Мы многое пережили. И когда санкт-петербургские законодатели решили провести к 75летию освобождения города военный парад на Дворцовой площади, я пришла в ужас, когда от некоторых представителей интеллигенции стали поступать письма, что, мол, такой парад не нужен ни блокадникам, никому. Да откуда вы знаете, что нам нужно? А зачем мы 9 Мая проводим парад? Чтобы почтить память тех, кто пал, добывая нам Победу, и воздать почести тем, кто ещё жив. Почему же не отдать дань тем, кто погиб в блокадном Ленинграде?

Момент, когда блокада была снята, врать не хочу, не помню. Но хорошо помню: когда закончилась война, по нашему Невскому району провели колонну пленных немцев. И хотя мы все считали их врагами, никто не кинул в них камень, не оскорбил физически.

А ещё запомнилось, как в 1945-м в городе впервые испекли батоны. Они были серые, но из настоящей муки, и их запах я помню по сей день.

И вот, чтобы вы знали правду, мы идём к вам и рассказываем об этом. Да, было страшно, но мы выстояли, выдержали. И дай бог, чтобы такое никогда не повторилось и над вами всегда было мирное небо...

Нина Медынская тоже принесла на встречу фотографии. На одном из снимков были запечатлены самые дорогие для неё люди: мама и тётя. К началу войны Нина Евгеньевна была дошкольницей и 22 июня 1941 года запомнила:

Мы шли с мамой к нашим знакомым, когда увидели на углу, где висел репродуктор, чёрную толпу людей молчаливую, не движущуюся. Из репродуктора слышался голос диктора, который говорил о том, что гитлеровская Германия без объявления войны напала на Советский Союз. Люди стояли молча, потрясённые... Мама тут же поехала на фабрику, где она работала, меня взяла с собой. Там мужчины уже записывались добровольцами...

Эвакуироваться мама не захотела, надеясь, что война скоро закончится. Тем более что отец оставался в городе: он был инженером на военном заводе, начальником цеха. С началом войны мы перестали его видеть дома. Завод работал в три смены, и отец не приезжал: доехать было трудно, а пешком идти очень далеко. Я не знаю, какое вооружение выпускали на их предприятии. А за 10 дней до нового, 1942 года, кто-то принёс записку, в которой сообщалось, что мой отец умер после окончания смены в цехе, сидя на полу, от голода. Мама к тому времени уже тоже слегла.

Голод испытывали все.

Наши соседи ходили к сгоревшим Бадаевским складам, подкапывали землю, пропитанную жжёным сахаром, и дома эту землю разводили водой, отстаивали, получая мутную сладковато-горьковатую жидкость.
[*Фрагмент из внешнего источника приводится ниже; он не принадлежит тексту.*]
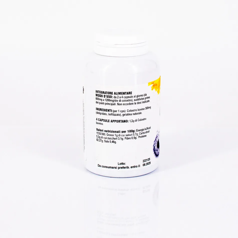 4 CAPSULE APPORTANO: 1,2g di Colostro bovino.

Мы к складам не ходили. Мама получала иждивенческую карточку, по которой выдавали только хлеб. Я помню его вкус. Хлеб был горько-кислый, сырой. И отрезанный кусочек в 125 граммов помещался в моей детской ладошке. Есть его было практически нельзя. Но вкуса мы тогда уже практически не чувствовали.

Несмотря на слабость, мама входила в состав отряда противовоздушной обороны, который помогал тушить зажигательные бомбы. На чердаках стояли ящики с песком, которым засыпали эти бомбы.
Когда случались массированные авианалёты, мы уходили с мамой в бомбоубежище. Однажды, после отбоя воздушной тревоги, мы вернулись домой и обомлели: у самого входа в подъезд зияла огромная воронка. У живших на первых этажах вылетели все стёкла, у нас окна потрескались, несмотря на то, что были проклеены бумажными полосками. Пришлось закладывать их какимито тёплыми вещами.
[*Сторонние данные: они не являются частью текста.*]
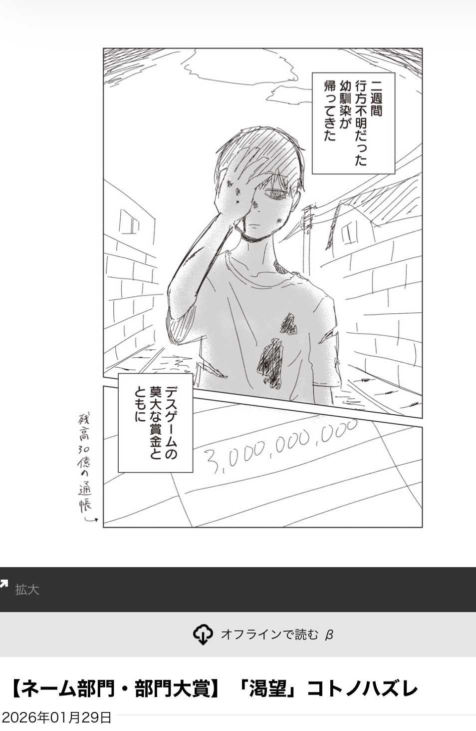 デスゲーム(?)に参加して大金を振り込まれた後のお話ということで、デスゲームってなんやねんと拒絶反応

Ближе к Новому году, когда мама слегла, пришла тётя с буханкой хлеба и охапкой дров. Ещё она принесла бутылочку глюкозы и шприц. Растопила в полутьме печь. И, как она потом рассказывала, хотела набрать глюкозу в шприц, чтобы сделать маме укол, но, поскольку была близорука, поставила бутылочку на край стола, та упала и разбилась. Лекарство разлилось по полу. К утру у мамы началась агония, и она умерла. Я обняла голландскую печь и заревела...

Тётя забрала меня с собой в госпиталь, где она работала. Я провела там целую неделю. А потом, когда их госпиталь должен был выехать на передовую, чтобы принимать раненых, она пристроила меня в детский дом, который располагался в центре города. Большинство детей были сиротами, но были и те, у кого родители воевали на фронте. Помещения не отапливались, поэтому спали мы не раздеваясь. Снимали только обувь. Было очень холодно, хотя тётя одела меня в шубку, дала муфточку и шапку.

В столовую нас воспитательница водила строем. Завтраков и ужинов не было. Кусочек хлеба давали один раз в день. И, конечно, сразу его никто не ел, оставляли на потом. А обедали баландой это была мутная тёплая жидкость, в которой плавали несколько крупинок и кусочек селёдки, потому что не было соли. Мы выпивали эту жидкость через край миски и радовались, что в желудке потеплело. А потом с кусочками хлеба в руке шли в спальню. Но шустрые мальчишки нередко налетали на младшие группы, разжимали детские кулачки, забирали этот хлеб и убегали. Воспитательница за ними угнаться не могла... Однажды, помню, каждому из нас выдали по одному квадратику от плитки шоколада и сказали, что это подарок от лётчиков.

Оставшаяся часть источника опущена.